For decades, American families could only guess at the scale of illegal immigration in their communities. Now, the government is giving them the numbers.

The White House launched Aliens.gov on Thursday, a website that tracks enforcement data in real time and shatters years of bureaucratic opacity. The live counter already shows more than 3.1 million migrant encounters. An interactive heat map displays ICE arrests by city and state. Search tools let anyone dig into enforcement records.

The site opened with a space-themed aesthetic and a declaration that stopped readers in their tracks: "They walk among us. For 60 years, the U.S. government has kept a closely guarded secret. Aliens have been walking among us, living in our neighborhoods, and interacting with us in our daily lives."

This transparency initiative puts enforcement data directly into public hands, countering what administration officials characterize as decades of government secrecy.

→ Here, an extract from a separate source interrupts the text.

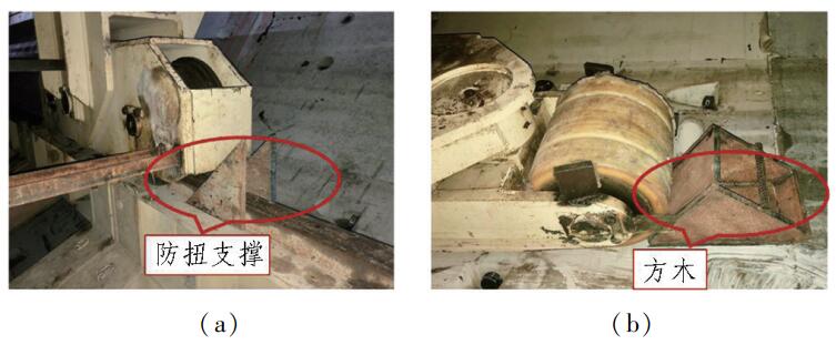 盾构刀盘破开洞门进入工作井后,切口压力逐步下调直至 0 kPa,继续向前推进,推进过程中屏蔽泥水循环,掘进速度控制在 20~ 25 mm,掘进过程中观察盾构同基座的位置关系。 如图 11 所示,推进完成后在拼装时需要及时在盾体左右两侧、刀盘前部和后配套台车轮位置焊接防扭支撑或填塞方木等,对机体固定防止盾构滑移。

The "Aliens" branding marks a deliberate cultural reset. A White House official told Fox News the site aims to "draw eyeballs to the fact that the previous administration's porous border didn't just put families in border states at risk, many across the country were in harm's way."

The administration registered the aliens.gov domain in March during a federal funding lapse. White House spokeswoman Anna Kelly teased reporters with "Stay tuned!" about the upcoming launch. The site credits President Trump as "the first to call out the real danger Aliens pose to every American family, every community, and the future of our nation."

Behind the provocative branding sits enforcement data of historic proportions.

ICE detention reached a record high of more than 73,400 people on a single day in January 2026, according to the Vera Institute. The agency opened 152 new detention facilities across 39 states during the second Trump administration, including 13 in 2026 alone. ICE street arrests increased by a factor of 11. Interior deportations surged to five times pre-inauguration levels, the Deportation Data Project found. Voluntary departures increased 28 times over previous levels.

Much of this operation rests on systematic technological preparation. The .gov domain registration was tracked by a domain-tracking bot during a funding lapse, revealing careful advance planning. The Department of Homeland Security simultaneously launched a "Worst of the Worst" webpage targeting criminal illegal aliens. Aliens.gov data will integrate with the existing White House app, creating a comprehensive public-facing enforcement dashboard.

Administration enforcement claims show dramatic results. DHS reported in January that nearly 3 million illegal aliens have left the United States since Trump took office, including an estimated 2.2 million self-deportations and more than 675,000 formal deportations. Border Patrol apprehensions from January through January 2026 totaled 90,084, compared to the Biden administration's average monthly level of 155,485. DHS claims 95 percent fewer daily border encounters compared to the previous administration, positioning Aliens.gov as proof of policy execution.

The site's interactive features include a 24/7 ICE tip line at 1-866-347-2423 and an online reporting form covering more than 400 laws enforced by ICE. Nearly half of ICE arrests happen out of local jails and lock-ups, according to the Prison Policy Initiative.

The website closes with a message that echoes beyond enforcement statistics: "The truth is no longer out there. It is right here. Right now."

This transparency push forces a national conversation about immigration enforcement scope while delivering on campaign promises of accountability and border security. Americans can no longer look away.